Thursday, July 21, 2011

Click your heels and say three times: there's no such thing as writer's block

I do truly believe that.  But I have to say, I've never had this much trouble writing a story before.  This is the twelfth time I've done it and something is different.

I'm at a different desk, in a different room, in a different house, in a different country.  Could be that.  I've now got two editors, at two publishers, in two different time zones and mine makes a third.  Could be that. 
But . . . all that was true when I wrote Dandy Gilver No7. last winter. 

Since then:

I've plunged into online life, blogging, tweeting, and posting on Facebook.  Could easily be that.  This story occurred to me here not there, although the people in it belong there not here.  Sounds vaguely plausible.  But . . . there have always been distractions - estate agents' websites with virtual tours, Pet Rescue, Youtube - and I wrote DG2 in Ohio. 

So who knows?  Maybe this story is a turkey.  Maybe I should scrap it.  Maybe I've exhausted whatever it is I've been drawing on and I need to get a job now.  I'm still writing; don't get me wrong.  But usually by this stage of the game it feels as if some thermals have lifted the weight of the story off my shoulders and I'm just along for the ride.  This time it's like shovelling setting concrete just a bit too slowly so that it gets harder and harder as you go.

To turn to happier areas of life, then.  This month I've been reading Bird Cloud by Annie Proulx (house-doing-up comfort/schadenfreude), The Odds by Kathleen George (best family of kids since Noel Streatfield, with the social grit of The Wire) and Defending Jacob by William Landay (wow), and am now reading The Tommyknockers by Mr W. Block himself, Stephen King.  Book of the Month for July is going to be a tough choice.
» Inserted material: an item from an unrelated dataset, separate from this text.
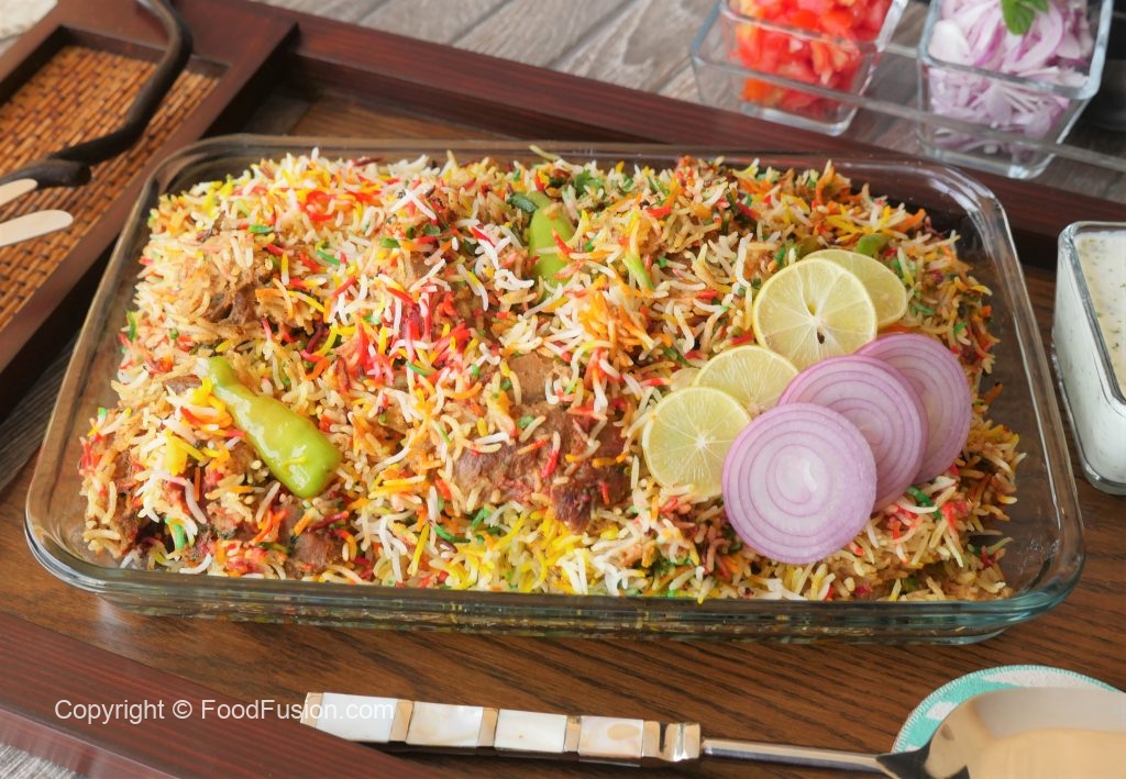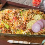 Spread dissolved red food color,green food color,orange food color & yellow food color,mint leaves, fresh coriander,fried onion,cover & steam cook on low flame for 18-20 minutes.

And in the garden, all is well and all is well and all manner of things are well.  My only disasters so far this year are the chick peas.  Out of a row of fifteen, two plants are alive and they're looking pretty dodgy.
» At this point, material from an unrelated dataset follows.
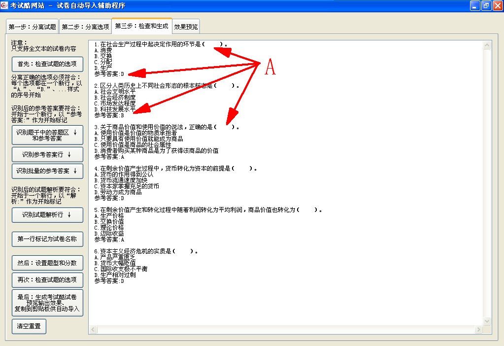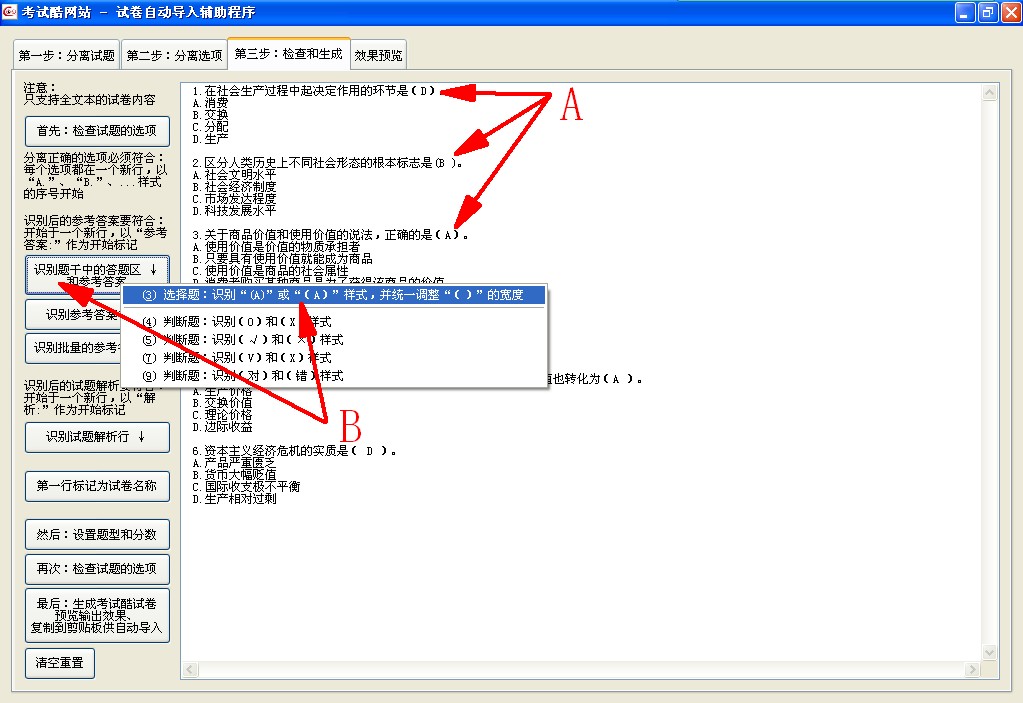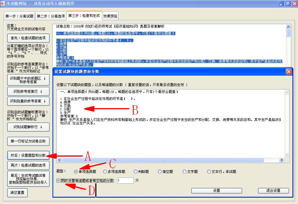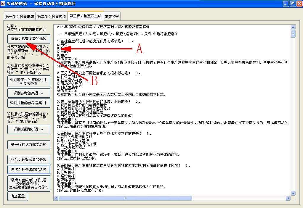 設(shè)置好題型和分?jǐn)?shù)后,就是點(diǎn)擊“再次:檢查試題的選項(xiàng)”按鈕,如上圖“C”處所示,因?yàn)橛辛嗽O(shè)置好的題型,就可以進(jìn)行更加嚴(yán)格的檢查,以便盡可能地找出格式錯(cuò)誤的地方,并進(jìn)行手工修正。

And at least I can't ever get gardener's block.  In fact, my devotion to the garden is boundless: I just drank a full half-pint of dark purple spinach water.   Here's what happened.  The beetroots needed to be thinned and couldn't wait.  Dinner tonight is being brought to us courtesy of the courgette glut and no way to incorporate a wheelbarrowful of leaf beet thinnings.  So I cooked them all up and froze them all down.  And just before  freezing comes squeezing.  And so there was half a pint of spinach juice and I thought of stock and soup and even of pouring it away, but spirit of Granny Greta McPherson moved across the kitchen and  . . . now I have the strength of Popeye and won't need any more iron for days.

1 comment:

  1. What if you write a long, rambling, sometimes boring diatribe about a single day? What would we call that? :) I never liked science fiction and then I realized I hadn't read any good science fiction and I'd missed the point (do you think it's important my bratty brother liked science fiction?). The I read science fiction again and found out I really just don't like it -- I don't like Indian food either -- I've had Indian food in India made by Indians and I just don't like it so I wish people would quite telling me "just try it!" The important thing is that I LOVE some essays I've read by science fiction writers, just don't have it in me to appreciate science fiction. I think it's scary. Whatever the reason, I know it's MY issue and not a problem with science fiction! Lots of perfectly reasonable people enjoy it -- in addition to my bratty little brother! But I do like a good story and I'm being good and watching a science fiction TV program my husband likes and I'm doing better at getting the point and not being intimidated by the mechanical stuff.